### Extracted material
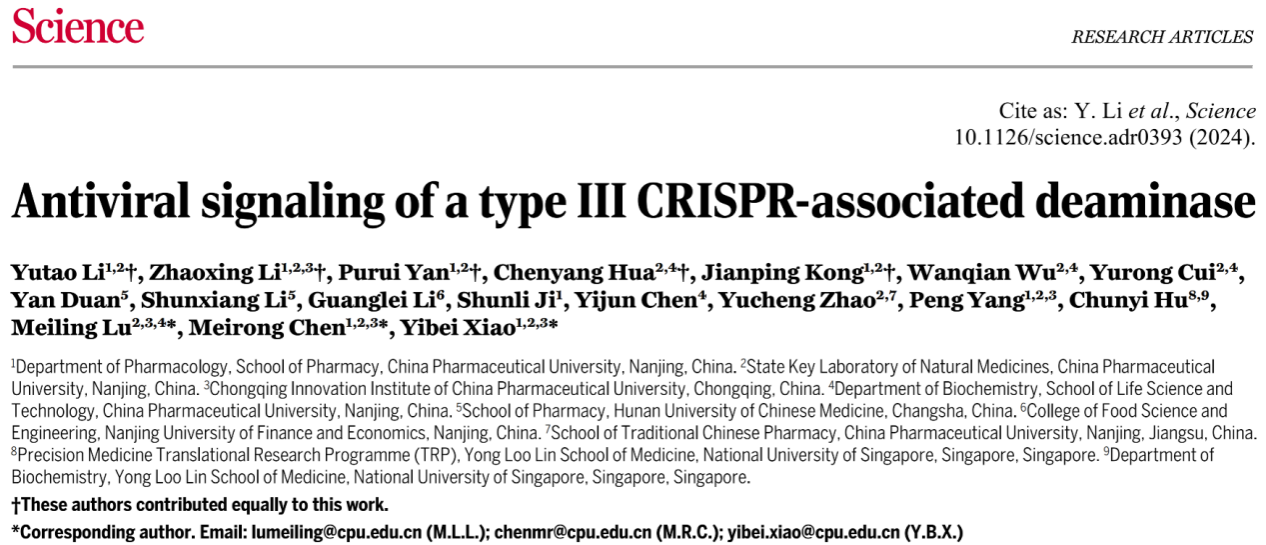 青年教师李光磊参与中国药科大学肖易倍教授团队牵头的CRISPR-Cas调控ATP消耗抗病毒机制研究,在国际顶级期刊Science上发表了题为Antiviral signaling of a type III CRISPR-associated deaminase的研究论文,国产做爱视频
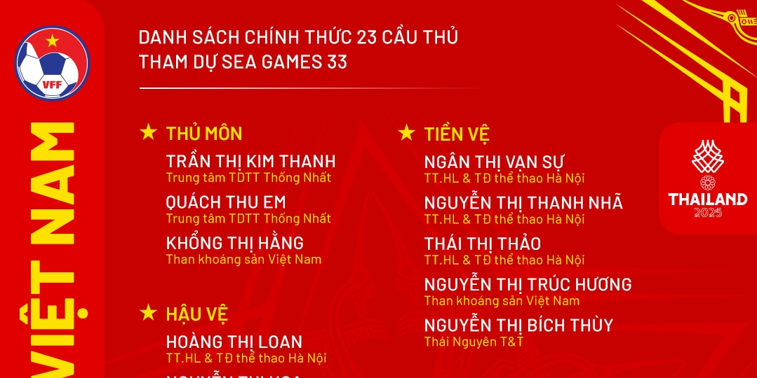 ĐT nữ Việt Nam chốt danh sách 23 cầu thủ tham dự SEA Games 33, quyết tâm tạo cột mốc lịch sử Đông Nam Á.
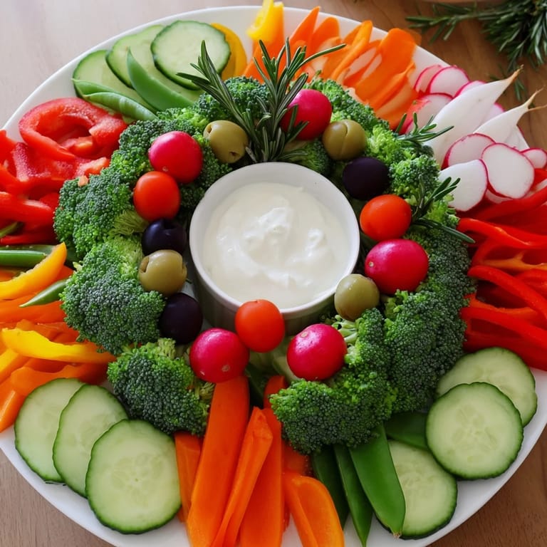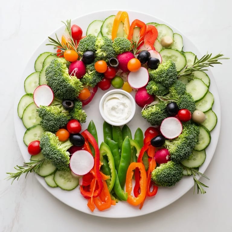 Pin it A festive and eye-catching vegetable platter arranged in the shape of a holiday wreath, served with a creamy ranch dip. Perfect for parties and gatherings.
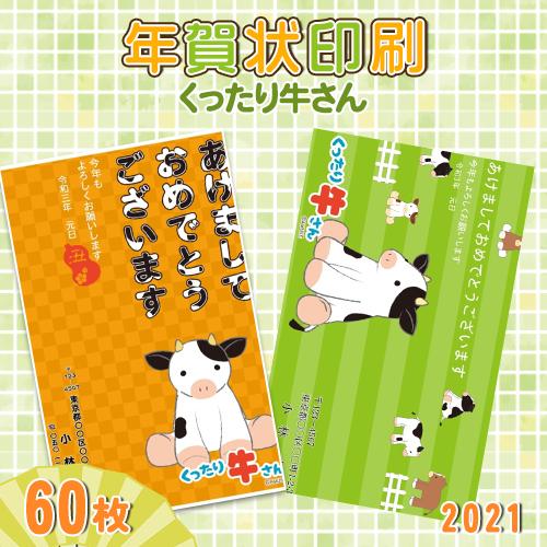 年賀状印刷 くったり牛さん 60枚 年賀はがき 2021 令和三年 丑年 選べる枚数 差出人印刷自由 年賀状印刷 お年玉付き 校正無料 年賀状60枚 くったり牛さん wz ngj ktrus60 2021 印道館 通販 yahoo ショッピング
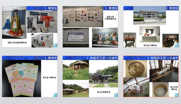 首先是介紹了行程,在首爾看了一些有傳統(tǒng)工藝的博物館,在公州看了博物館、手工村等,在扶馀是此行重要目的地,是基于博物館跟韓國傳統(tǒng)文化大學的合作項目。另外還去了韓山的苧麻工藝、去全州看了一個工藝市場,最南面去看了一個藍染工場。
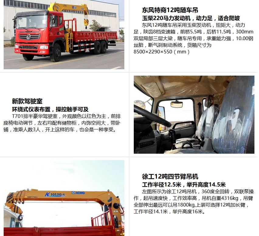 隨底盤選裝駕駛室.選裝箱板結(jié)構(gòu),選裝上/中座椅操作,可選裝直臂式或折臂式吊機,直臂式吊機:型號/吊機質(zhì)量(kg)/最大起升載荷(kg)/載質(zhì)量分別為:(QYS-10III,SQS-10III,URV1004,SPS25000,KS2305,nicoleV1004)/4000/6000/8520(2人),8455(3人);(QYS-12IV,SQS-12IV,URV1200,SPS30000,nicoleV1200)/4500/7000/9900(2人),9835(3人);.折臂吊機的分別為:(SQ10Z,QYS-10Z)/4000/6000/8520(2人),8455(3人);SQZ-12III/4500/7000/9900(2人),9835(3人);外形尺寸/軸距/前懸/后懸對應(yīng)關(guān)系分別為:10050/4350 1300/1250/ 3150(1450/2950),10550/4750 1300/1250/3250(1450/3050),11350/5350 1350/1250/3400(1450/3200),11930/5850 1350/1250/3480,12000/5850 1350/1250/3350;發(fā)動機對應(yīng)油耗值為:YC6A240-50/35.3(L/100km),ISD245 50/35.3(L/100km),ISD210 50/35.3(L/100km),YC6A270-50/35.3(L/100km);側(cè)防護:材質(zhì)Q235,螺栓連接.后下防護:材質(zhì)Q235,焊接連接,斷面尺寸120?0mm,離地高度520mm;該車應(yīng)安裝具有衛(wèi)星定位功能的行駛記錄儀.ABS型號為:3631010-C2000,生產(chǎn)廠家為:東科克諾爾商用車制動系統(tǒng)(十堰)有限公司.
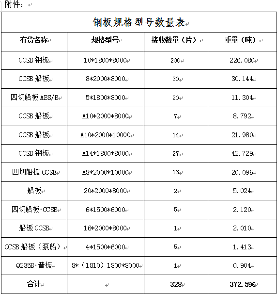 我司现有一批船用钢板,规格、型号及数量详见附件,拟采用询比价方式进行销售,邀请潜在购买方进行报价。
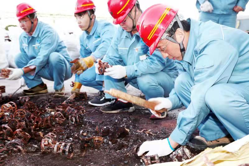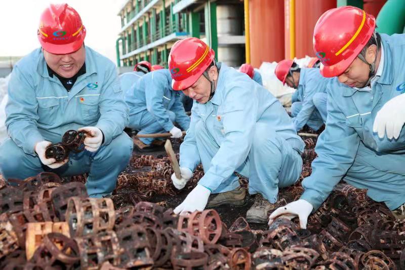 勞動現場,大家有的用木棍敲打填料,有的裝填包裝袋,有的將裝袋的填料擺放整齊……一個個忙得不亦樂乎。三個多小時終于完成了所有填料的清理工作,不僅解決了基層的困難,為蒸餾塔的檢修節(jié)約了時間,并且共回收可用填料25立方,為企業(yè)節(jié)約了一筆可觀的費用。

### What this task involves
Everything from the top line of the data down to and including the line with "年賀状印刷 くったり牛さん 60枚" is to be copied, except the pictures.

### Task result
 青年教师李光磊参与中国药科大学肖易倍教授团队牵头的CRISPR-Cas调控ATP消耗抗病毒机制研究,在国际顶级期刊Science上发表了题为Antiviral signaling of a type III CRISPR-associated deaminase的研究论文,国产做爱视频
 ĐT nữ Việt Nam chốt danh sách 23 cầu thủ tham dự SEA Games 33, quyết tâm tạo cột mốc lịch sử Đông Nam Á.
 Pin it A festive and eye-catching vegetable platter arranged in the shape of a holiday wreath, served with a creamy ranch dip. Perfect for parties and gatherings.
 年賀状印刷 くったり牛さん 60枚 年賀はがき 2021 令和三年 丑年 選べる枚数 差出人印刷自由 年賀状印刷 お年玉付き 校正無料 年賀状60枚 くったり牛さん wz ngj ktrus60 2021 印道館 通販 yahoo ショッピング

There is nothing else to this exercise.